The expansion of the National Natural Gas Pipeline System is the most evident change the natural gas industry is experiencing in the post-reform landscape but companies in this sector can now capture other opportunities as well.

“All the existing pipelines in the country will have open access, allowing us to expand our presence to other locations where the natural gas infrastructure is already present,” says Luis Montgomery, President and CEO of ACCESGAS.

Montgomery says that in Mexico ducts were classified in two categories, consisting of the distribution network, which is used by gas distributors like Fenosa to deliver natural gas to urban locations, and the open-access pipelines, which were PEMEX’s assets that have been transferred to CENAGAS. The company plans to take advantage of the natural gas infrastructure that will be developed as a result of the new regulatory framework.

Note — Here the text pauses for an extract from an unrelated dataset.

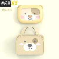 三维工匠韩国饭盒便当分隔学生餐盘保温儿童不锈钢餐盒 黄色小狗餐盘+包

ACCESGAS is dedicated to the construction of pipelines but it also distributes natural gas by compressing the fuel, shipping it by truck and decompressing it once it reaches clients’ facilities. “Our company gears its services toward industrial users, which are usually located in places where natural gas infrastructure is available. In these industrial settings we offer companies turnkey projects for natural gas transportation and delivery,” says Montgomery.

Using pipelines is an efficient and cost-effective solution when a company is located near an open-access pipeline and has high consumption rates. But virtual pipelines are an attractive alternative when building physical transportation infrastructure does not make sense from a financial perspective. In fact, Montgomery believes delivering gas by vehicle is a better option for facilities located over 300km away from the main system.

Clients have safety concerns regarding natural gas transportation but Montgomery points out that the vehicles used for transporting CNG have high safety standards and are specially designed to withstand the high pressures required to transport this fuel. “All the vehicles we use have undergone several safety tests for leakage, heat or destruction. Our fleet is made of vehicles with steel fiber tanks whose resistance has been tested under several extreme conditions.” ACCESGAS routinely examines its vehicles to guarantee they are in optimal condition.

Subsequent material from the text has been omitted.